The interesting question, which Hotson doesn’t address, is why we do so well in these rankings. Apart from the obvious advantages of our extraordinary tradition of open research and inquiry across a whole range of disciplines, it must also have something to do with the policy framework that has been created. There are two separate ways of allocating research money: through research councils and through the Research Assessment Exercise, now reformed as the Research Excellence Framework. Many rationalists might see it as rather messy that we have two different modes of financing, but it brings diversity into the system and it is the reason why, for the first time, we have included quality-related funding as well as research council funding within the cash-protected research budget. Another reason for the strength of our research could well be that the allocation of these funds to particular projects and researchers is independent of political interference.

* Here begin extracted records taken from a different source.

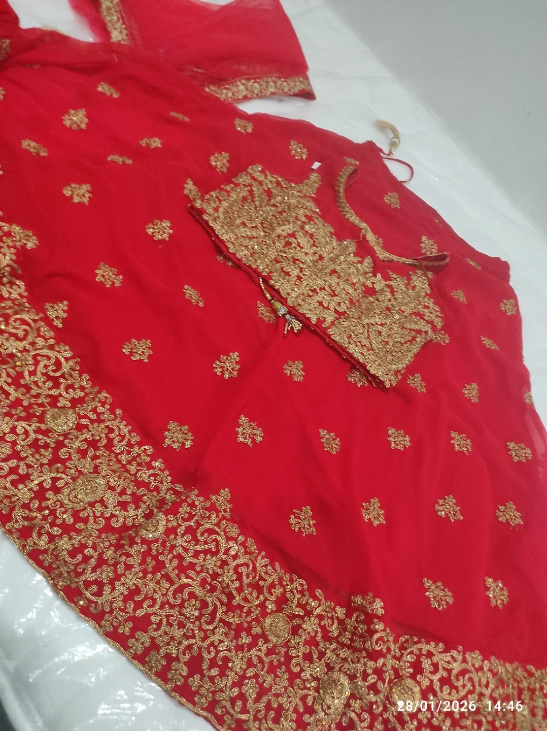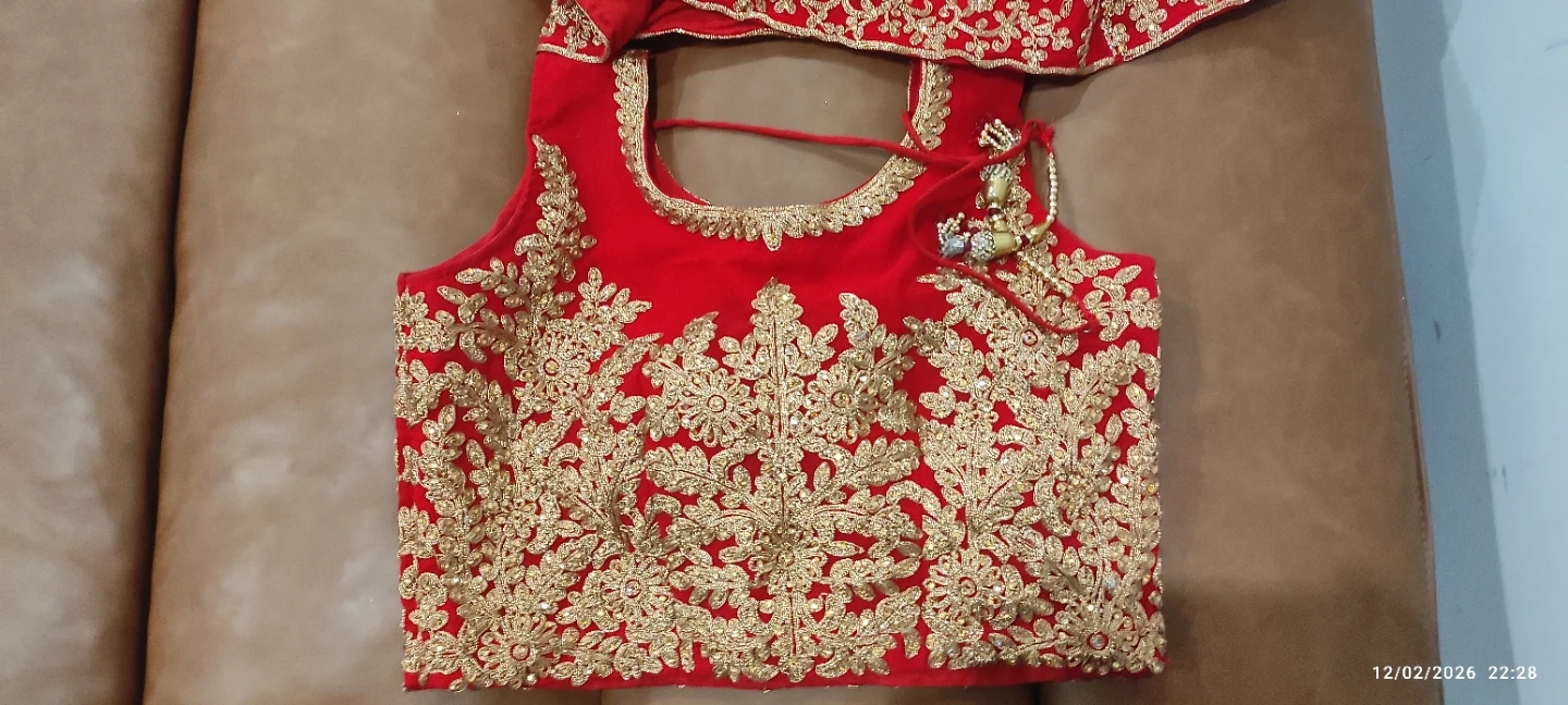 Beautiful red lehenga choli set with intricate gold embroidery. It includes a blouse, skirt, and dupatta. Perfect for special occasions!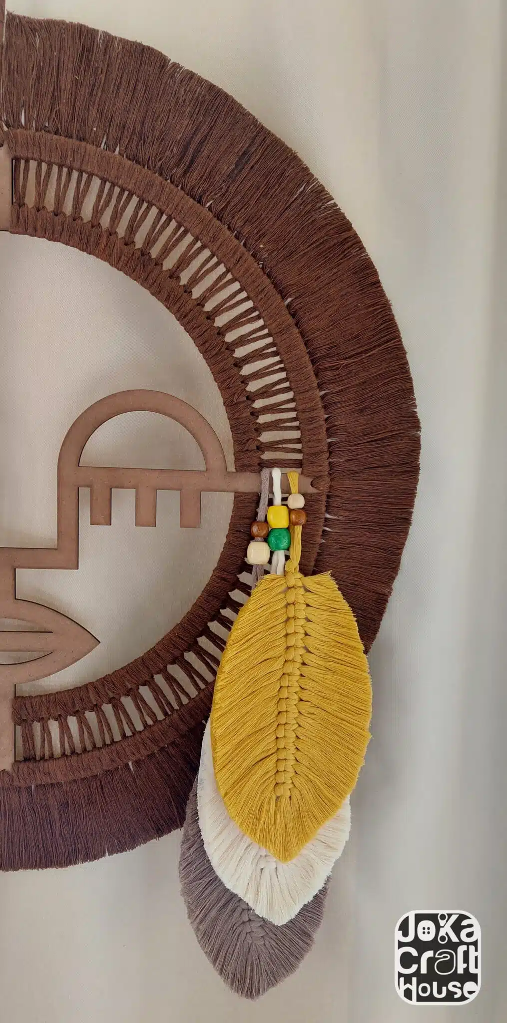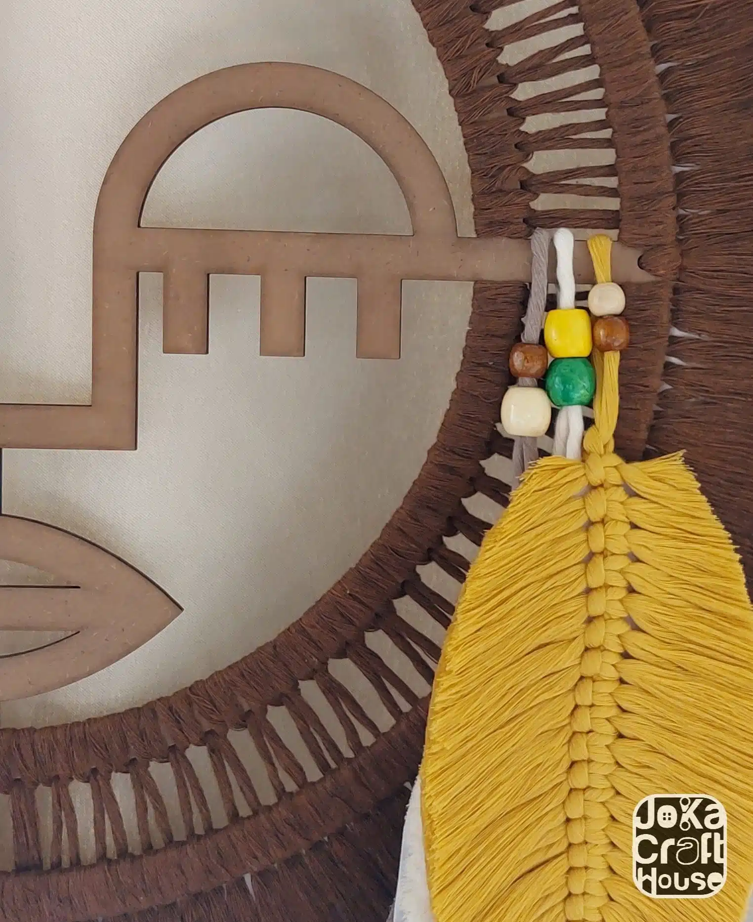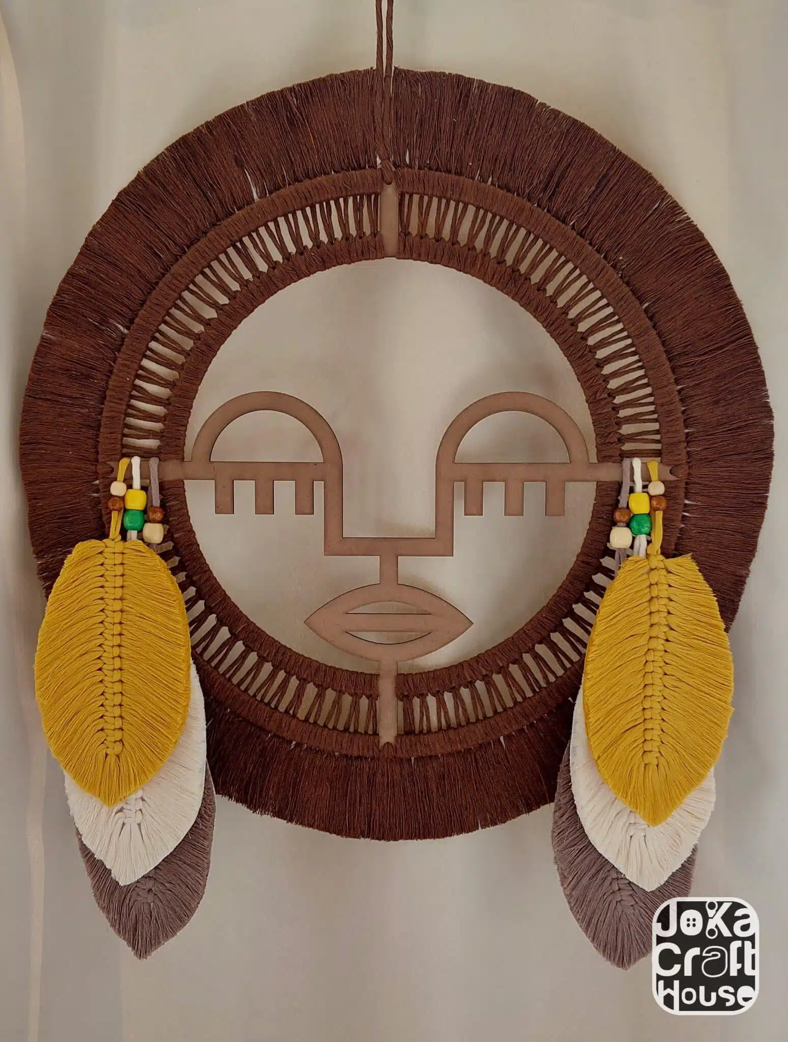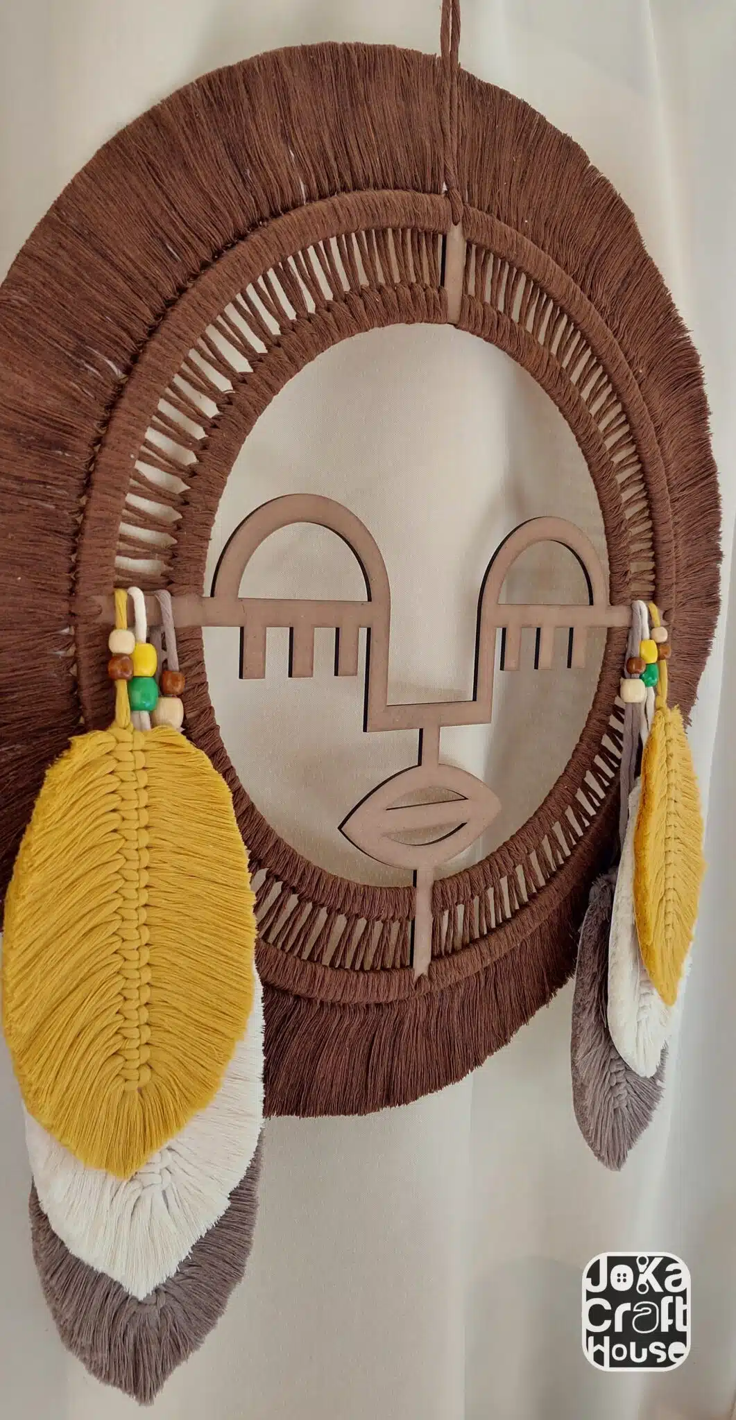 معلقة حيط وش إفريقي قطرها الإجمالى ٦٠ سم خشب mdf الخيط مكرمية تركى طول ورقة الشجر الواحدة حوالى ٢٢ سم الوش مفرغ بتاخد أسبوع شغل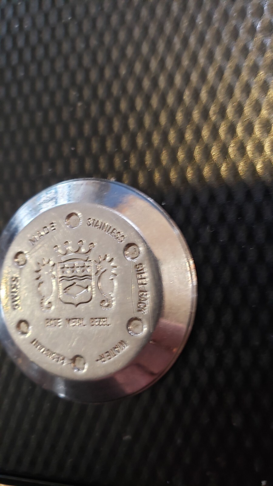 NOTE - this is a rare vintage watch Case back here - this is for parts/repair I do not know the exact model or year of this, if you know something let me know. My research points towards the Elusive Magnum PI Chrono Diver this is approximately 34-35mm across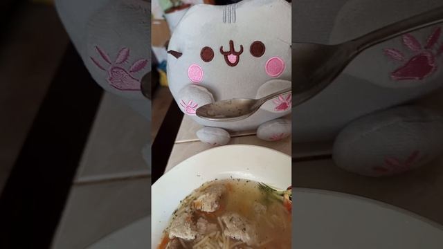 Часть 2. Пушин кушает суп. Обязательно повторяйте за ним. 🙏 🩷🩷🩷🩷🩷

A further explanation is that the mechanisms for allocating funding are intensely competitive. The research councils run a bidding process which I sometimes hear complaints about, yet most people accept that it is better than the alternatives. While research council funding rewards existing excellence, universities can and do use quality-related funding from the Research Assessment Exercise to build up new departments and encourage new research areas. Sometimes the competitive pressures prompt universities to recruit staff with a good back catalogue of peer-reviewed articles to help improve their research performance. What I draw from this is that, by and large, if left to shape their own systems, academics come up with a model that is intensely competitive and individualistic. If anything I would like to see rather more collaboration and co-operation in research – between different departments and different universities. Nevertheless, as Hotson demonstrates, this model has driven a very strong performance by British universities in the research-driven rankings.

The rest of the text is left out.